Тёплый, свежевыпеченный хлеб (половинку чёрного себе и батон остальным), молоко, творог — это обязательно — это ритуал, его ежеутренний взнос в семью. Раньше он частенько ещё брал что-нибудь особенное, чтоб побаловать внучку. Денег хватало, пенсия по нынешним временам, большая, военная. Правда, он и другие продукты покупал, и за квартиру за всю сам платил, и коммуналка на нём, и как-то так получалось, что до следующей пенсии иногда приходилось перехватывать тысчонку-другую — когда-то у взводного, теперь у его вдовы. Так что приносил старик деликатесы — колбаски твердокопчёной, сёмгу или лосося солёного, а то и железную, с зелёной полосой баночку красной икры — всё реже. Да и внучка после родов сильно изменилась — вместо привычной, принятой у них ранее благодарности, могла по настроению: или отшвырнуть брезгливо принесённое, или молча, с недовольным лицом принять. Она числилась где-то бухгалтером. Что-то считала дома, а раз в неделю оставляла старика с правнучкой и уезжала на пару часов сдавать свои балансы. Муж её, Сеня, рано начавший отпускать пивной животик блондин с сонными глазами, помотался по разным офисным работам — то руководил чем-то, то служил непонятным «менагером», а недавно устроился прорабом на стройку и стал хорошо зарабатывать. Деньги у них появились, и Сеня приосанился, и коляску новую ребёнку купили, но поучаствовать в оплате квартиры или других общих расходах внучка с мужем пока не стремились. А старик и не роптал — рад был, что хоть чем-то полезен. С внучкиным мужем до сих пор уживался — вроде и поводов не случалось, чтоб ссориться. Ведь поначалу-то Семён тихий был, спокойный и невредный, со всеми ладил и единственным, кто его сразу почему-то невзлюбил, оказался взводный. Погулял тогда со всеми вместе на свадьбе, поздравил новобрачных, потом пару раз, будучи у старика в гостях, выпил вместе с новым членом их семьи, а после сказал старику:
— Говно-парень. Ты извини, боец, но не приду я к вам больше. Давай где-нибудь на стороне встречаться.

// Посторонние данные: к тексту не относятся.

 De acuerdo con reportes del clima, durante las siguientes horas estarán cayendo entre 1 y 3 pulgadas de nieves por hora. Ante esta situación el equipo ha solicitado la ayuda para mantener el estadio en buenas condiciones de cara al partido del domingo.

К себе он давно не приглашал. Куда там — вшестером в полутора комнатах.
Всё вроде шло не плохо, вот только всё чаще от Семёна знакомо пахло, и всё чаще из их комнаты до старика доносилась невнятная сердитая перебранка. Вот и тогда — неделю назад, после такого спора вышел Семён на кухню — покурить. Чувствовал старик, что надо бы к себе в комнату шмыгнуть и творожок свой вечерний там доесть — не в духе родственник — да не успел. Тот дверкой холодильника раздражённо хлопнул, щёлкнул сердито зашипевшей банкой с пивом, отхлебнул от души, да и облился тут же. Потекло, оставляя бледные полоски тающей пены, на жёлто-коричневую футболку с бордово-красной надписью «Можем повторить».

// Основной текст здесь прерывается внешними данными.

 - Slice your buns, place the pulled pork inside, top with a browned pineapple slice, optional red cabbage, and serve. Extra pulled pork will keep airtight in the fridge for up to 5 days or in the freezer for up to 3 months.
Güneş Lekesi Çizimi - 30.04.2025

— Ты, дед… ну, ты того, понимаешь… Мы ж это… следующее поколение… Нам расти, развиваться надо… Мы, это самое, ну, про эволюцию слышал? — старик молчал, ещё не понимая, что последует дальше. — Следующее поколение сменяет это… предыдущее, которое, ну, переросло уже… ну, ты ж понял, да? Пора, дед, освобождать жилплощадь. Тесно тут становится. Машка, вот, того… беременна снова.
— И куда ж мне? — старик сам не ожидал, что так спокойно спросит. Всё внезапно разъяснилось: нарастающая внучкина враждебность, нервозность в доме и тихие свары за дверью.
— Ну, не знаю… есть же всякие эти — дома… и ветеранские есть. Ты ж это — Берлин брал. Должны ж тебе…
* * *
Эти надписи он видел многократно: на машинах, на футболках, раз даже на большом плакате-перетяжке над центральной улицей. Иногда с прикреплённой или пририсованной чёрно-жёлтой ленточкой, иногда без. Глаз скользил по ним не останавливаясь, и в содержание старик не вникал — столько рекламы всевозможной на улицах — что ж в ней разбираться.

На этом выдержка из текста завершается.